Access Control — Vertical, Horizontal & Context-Dependent
What is Access Control?
Access control is the application of constraints on who or what is authorized to perform actions or access resources. In web applications it depends on three things:
- Authentication — confirms the user is who they say they are
- Session management — identifies which HTTP requests belong to that user
- Access control — determines whether the user is allowed to perform the action
Broken access controls are common and often critical. Design decisions are made by humans — the potential for errors is high.
Types of Access Control
1. Vertical Access Control
Restricts access based on privilege level:
| Role | Level | Permissions |
|---|---|---|
| Owner | High | Everything — settings, delete, manage users |
| Admin | Mid-High | Manage users and content, no ownership changes |
| Editor | Mid-Low | Create and edit content, no user management |
| Viewer | Low | Read only |
Attack — Vertical Privilege Escalation:
Attacker is logged in as a viewer.
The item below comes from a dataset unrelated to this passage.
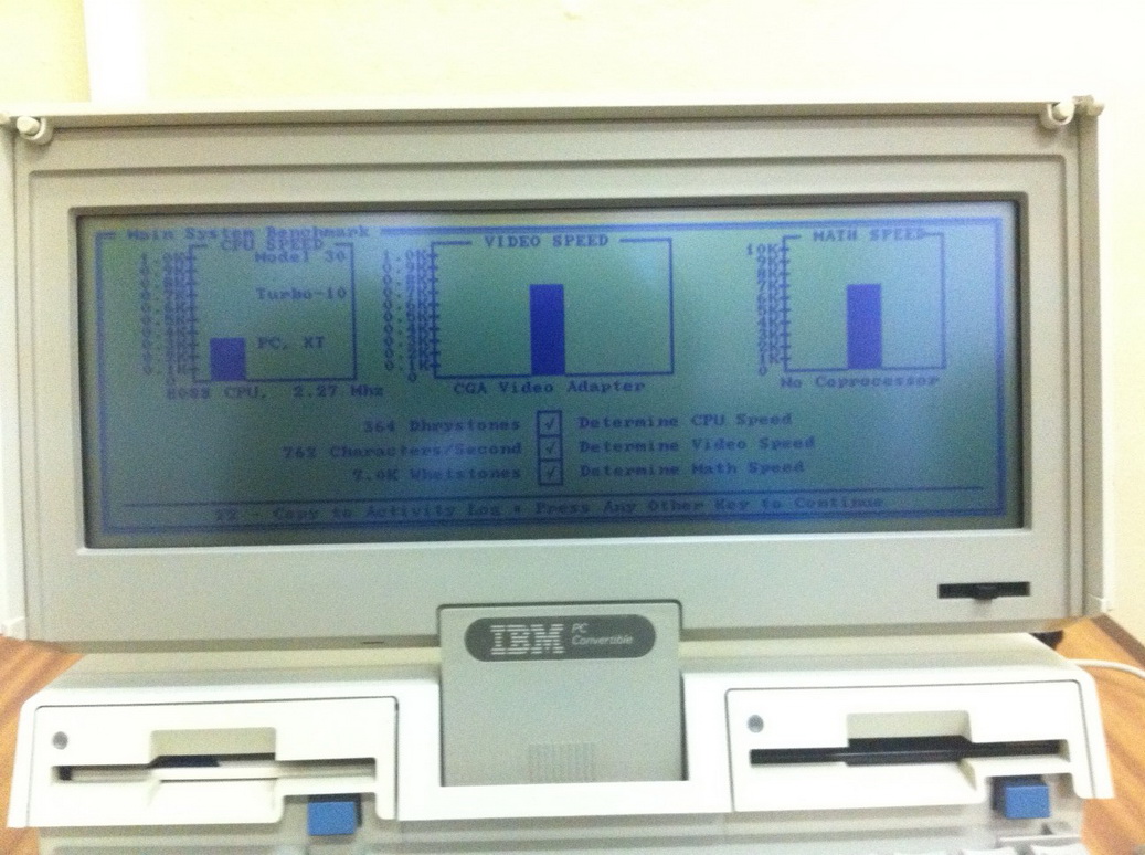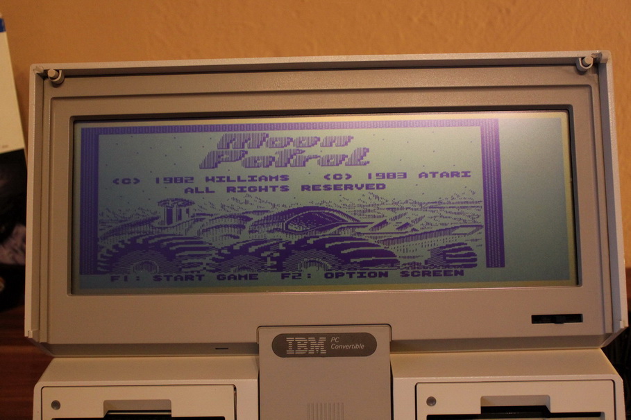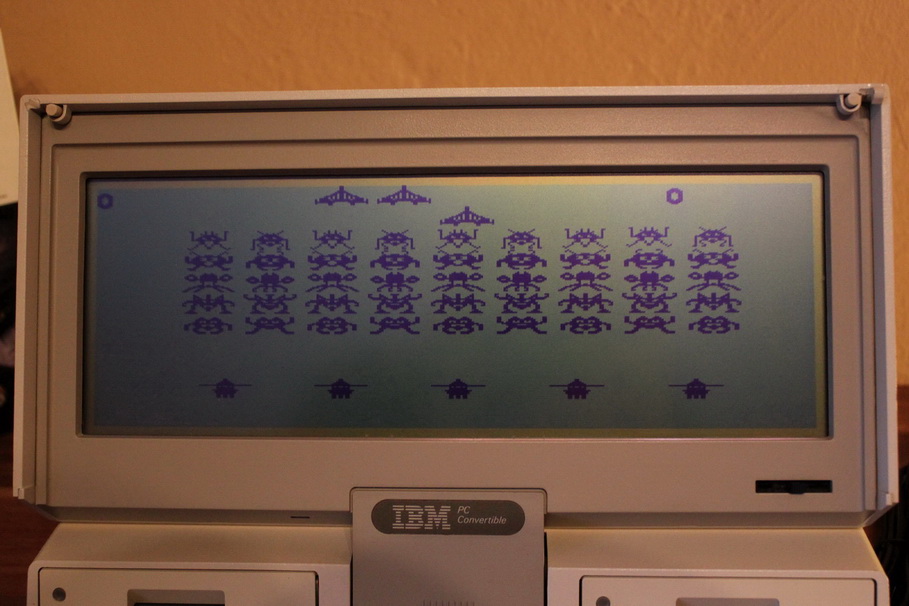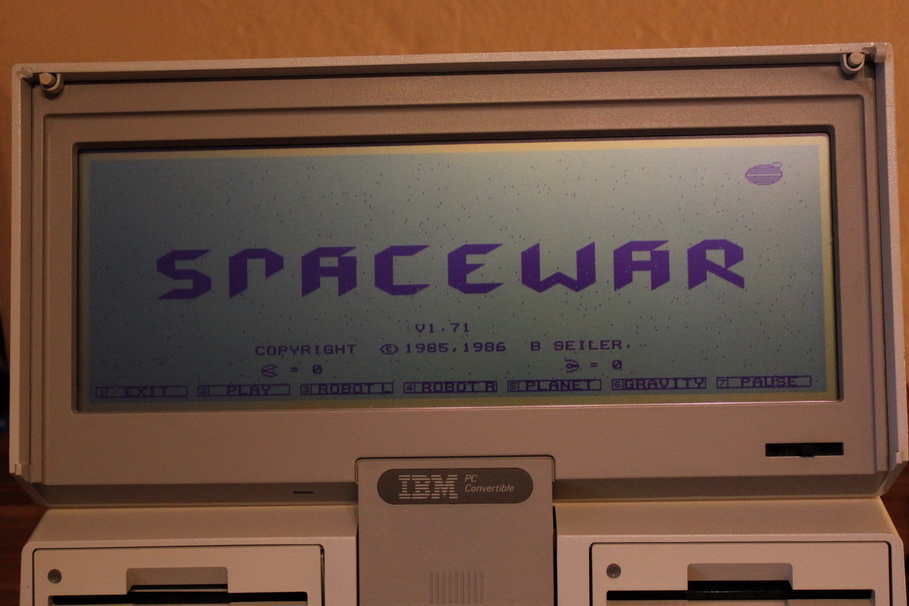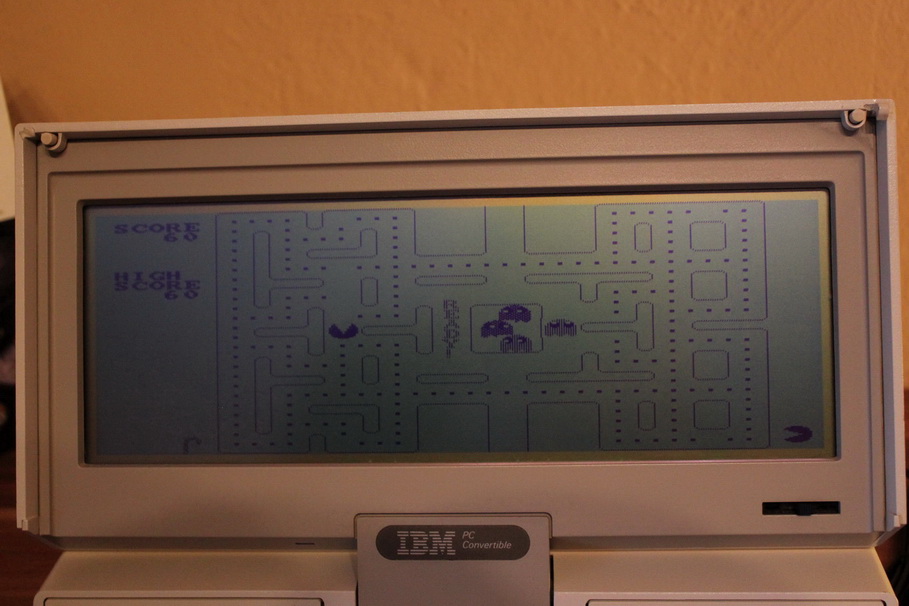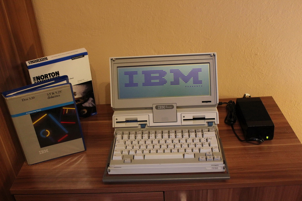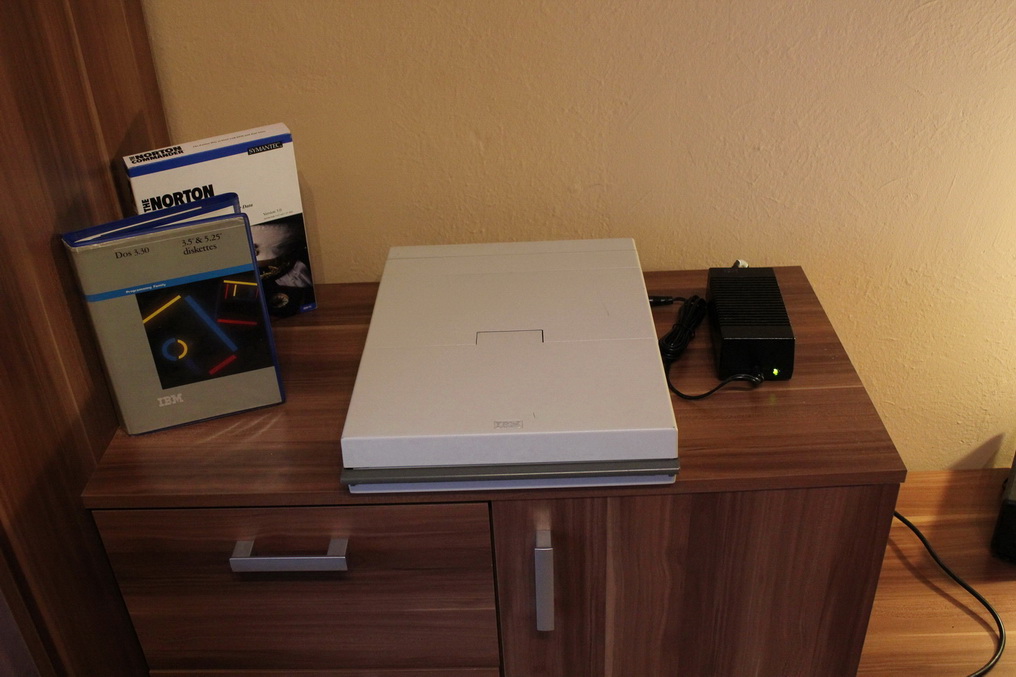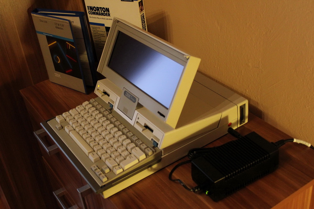 A tu uz samotny pocitac, takze IBM PC Convertible, vyrabany v rokoch 1986-1988, prvy notebook od IBM, vyrobenych iba 23.000 kusov, neujal sa, je to jeden z velkych predajnych failov IBM. Procesor intel 80c88 4.77Mhz, RAM 256-640kb (ja mam 512kb), vdaka novsej technologii RAM (statickej) pamate je priblizne o 6% rychlejsi ako PC XT aj ked maju rovnaky procesor (80c88 je len mobilna verzia) grafika monochromaticky CGA kompatibilny LCD display 640x200 text, 320x200 grafika. Su dve verzie, s podsvietenym a s nepodsvietenym displayom, ja mam to druhe, kontrast dost biedny, na dennom svetle zle citatelny, v noci este horsie :D

They observe an admin endpoint in network traffic:
POST /admin/updateUser
Body: {"user_id": 12, "role": "editor"}
They replay it with their own payload:
POST /admin/updateUser
Body: {"user_id": 1, "role": "admin"}
The backend checks authentication but not role. Returns 200 OK. Viewer is now admin.
Impact: Low-privilege users performing admin-level operations — role changes, user management, content deletion.
2. Horizontal Access Control
Prevents users with the same privilege level from accessing each other’s data. A failure here = horizontal privilege escalation.
Attack:
User A loads their own profile:
GET /user/profile?id=10
They modify the ID:
GET /user/profile?id=11
The backend doesn’t check ownership — returns User B’s data:
{"username": "userB", "email": "userb@example.com"}
Impact: PII leakage, user-to-user attacks, account takeover if write actions are also unprotected.
3. Context-Dependent Access Control
Restricts actions based on state, workflow, or sequence — even if the user has permission, the action must happen in the correct context.
Examples:
- Must create a draft before submitting it
- Must verify email before enabling features
- Must add item to cart before checkout
Attack:
Normal workflow:
1. POST /content/createDraft
2. POST /content/submitDraft
Attacker skips step 1 and calls directly:
POST /content/submitDraft
Server doesn’t verify whether a draft exists, whether it belongs to the user, or whether the sequence was followed. Returns 200 OK.
Impact: Business logic bypass, invalid submissions, abuse of features, inconsistent system states.